The ship rumbled again. Parts of its surface shifted, slowly, but surely.
Then it dropped.
A monolith.
The Titan.
It wasn’t just a machine—it was a walking fortress. Eight meters tall. Humanoid, but barely. Its limbs were layered with rotating plates, neon circuits running through like veins. Twin barrels protruded from its shoulders, and its face—if it had one—was a cold, steel dome with a single vertical red line glowing across the front.
It hit the ground with a boom that cracked the crater’s floor.
"Kikiki!" Piolet laughed out loud. "This is my favorite pet. I designed it personally, and it’s only purpose is to annihilate everything that stands in its way."
The four remaining Prime Beasts didn’t wait.

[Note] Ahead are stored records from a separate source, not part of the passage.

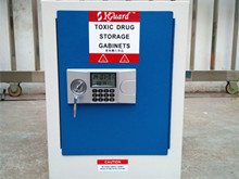 劇毒藥品柜帶電子密碼鎖+機械鎖,帶防盜報警功能,雙鎖兩人管理,開門時需兩人同時在場,符合易制毒化學(xué)品儲存管理要求。
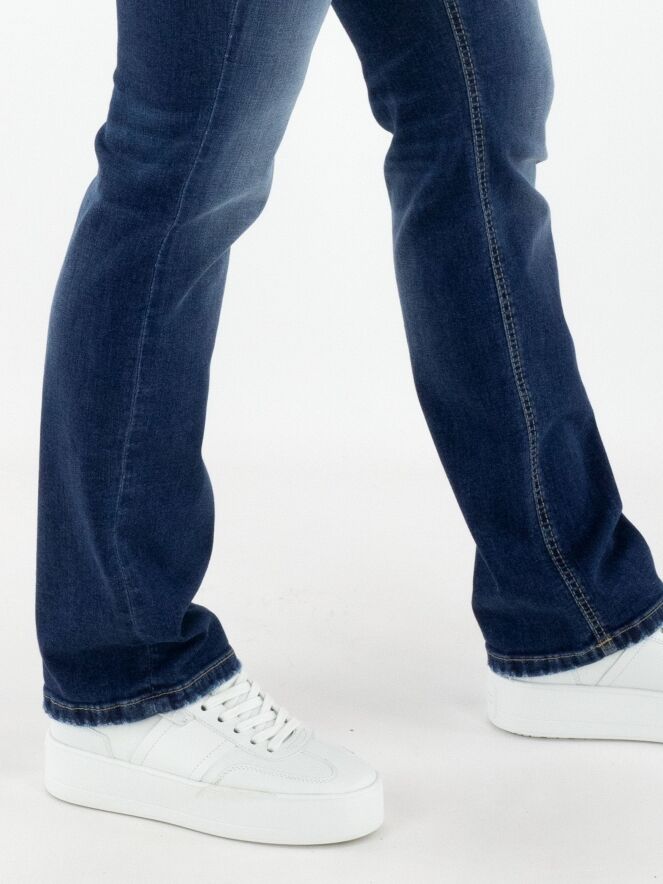 Un jean stonewashed effet used de Cambio dans une teinte denim classique. Conçu dans une coupe 5 poches, il présente des ourlets délicatement effilochés qui apportent une allure moderne et décontractée. Ce jean peut être lavé à 30 degrés.
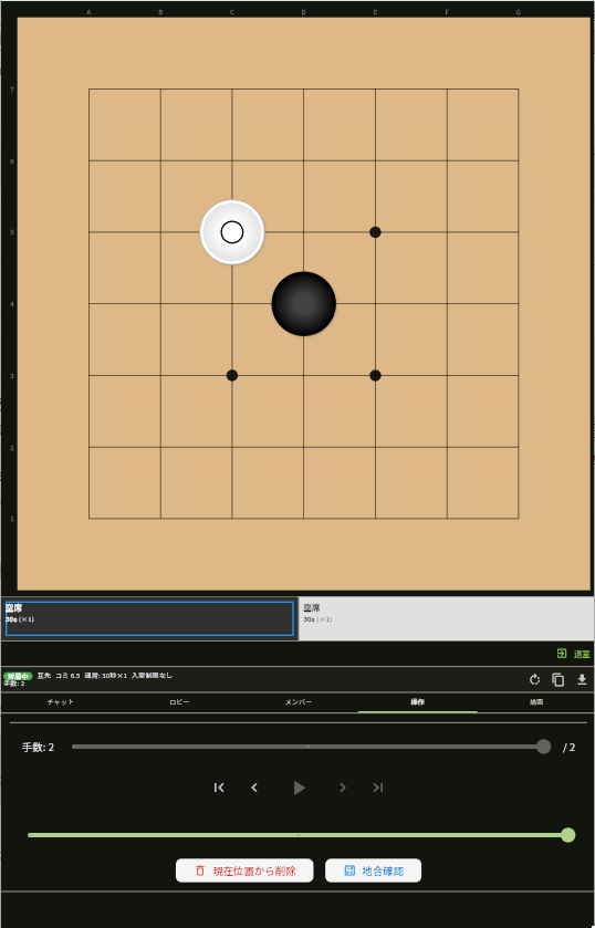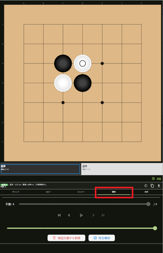 対局終了後、あるいは検討室を作成したら入室者全員が碁盤上に石をおいて検討できます。手を戻したりするのは操作タブを使ってください。
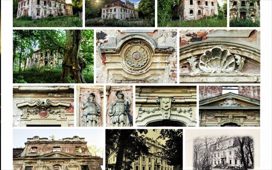 Reprezentacyjny portal wejściowy z bogatą kamieniarką i rzeźbami
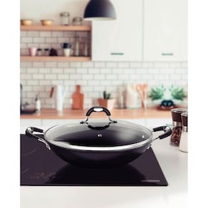 DESCRIÇÃO DA PANELA WOK TRAMONTINA INDUCTION EM ALUMÍNIO PRETO COM ANTIADERENTE E TAMPA DE VIDRO - Preparar refeições especiais para toda a sua família ficou ainda mais prático e funcional com a Wok Tramontina Mônaco Induction em Alumínio com Revestimento Interno e Externo Antiaderente Starflon Premium Preto com Tampa de Vidro 32 cm de diâmetro 4,5 L! - Ela é produzida com corpo de alumínio com espessura especial que proporciona cozimento rápido e uniforme dos alimentos e com revestimento antiaderente Starflon Premium, ela é a escolha perfeita para preparar as refeições do dia a dia, pois os alimentos não grudam em sua superfície e não é prejudicial a sua saúde. - Sua tampa de vidro temperado com bordas em aço inox auxilia e facilita a visualização dos alimentos durante o preparo. - Seu cabo metálico possui proteção de silicone e proporciona redução da propagação de calor, aumentando a segurança e deixando seu manuseio muito mais confortável. - Além disso, ela ainda é fácil de limpar e pode ir à máquina de lavar louças!

They charged as one.
The fastest among them—a falcon-type with razor wings—darted into the sky, dodging incoming blasts and slamming a charged spear into the Titan’s upper plate. Sparks erupted, but it didn’t pierce.
The second—a heavyset rhino-type—rushed in low, pushing forward with a reinforced kinetic shield. He bashed into the Titan’s leg with enough force to shake it—but it didn’t fall.
The lioness—graceful but deadly—used a whip of searing energy to entangle its arm and pull. The gorilla-type leapt off rubble and brought both fists down on the Titan’s shoulder joint.
This time, the impact left a mark. A piece of the outer armor cracked.
Xavier and Lyra watched from a distance, standing behind a formation of shielding beasts. The children were behind them. The sky was full of smoke, plasma light, and the howl of engines.
"They’re doing it..." Xavier whispered. "They’re actually hurting it..."
The Titan froze.
Its red line pulsed once—twice.
And then it roared.
A burst of energy exploded outward from its chest—shockwave strong enough to throw back the rhino and lioness. The falcon in the sky faltered mid-air. His wings glitched.
The gorilla tried to leap again, but the Titan grabbed him mid-jump and slammed him into the ground with enough force to leave a crater. And before he could rise, the title crushed his head under its feet.
The falcon dived again, trying to land a critical hit—but mid-flight, the Titan raised its arm and a miniature railgun emerged from its wrist. A single shot.
Boom.
The falcon dropped like a rock, burned like charcoal, wings shredded.
Two left now—the lioness and the rhino.
They stood side-by-side, panting and bleeding. They knew they wouldn’t survive this, but they didn’t run away. They stayed to protect the people of the beast land.
They exchanged a glance.
They nodded.
Then they went all in.
The lioness used her whip to blind the Titan’s sensors while the rhino charged, full power, a roar that echoed across the land.
He struck the Titan dead center.
The ground cracked beneath them.
The Titan staggered.
And for a second—
A brief, beautiful second—
It fell.
Dust flew. The battlefield paused. Even the mercs stilled.
From the smoke, the lioness crawled out. Her leg was twisted, her arm limp, but her eyes... were burning.
Xavier’s heart was racing.
"They did it..." someone whispered.
But no one cheered.
Because from beneath the rubble... metal shifted.
A hand emerged.
Then the arm.
The Titan rose—slowly, with eerie calm.
Its armor was scorched. One cannon was half-melted. Its red line now flickered erratically.
But it stood.
It aimed.
And fired.
The rhino tried to shield the lioness, but the blast took them both.
Gone. Turned into Ash.
Silence.
Xavier clenched his fists, his heart pounding so hard he felt it in his ears.
The Prime Ten... were gone.
Not a single one left standing.
And yet, the Titan still towered over the battlefield, its joints sparking, its frame dented—but very much alive.
The Beast Land was on the verge of collapse.
And Piolet... hadn’t even moved yet.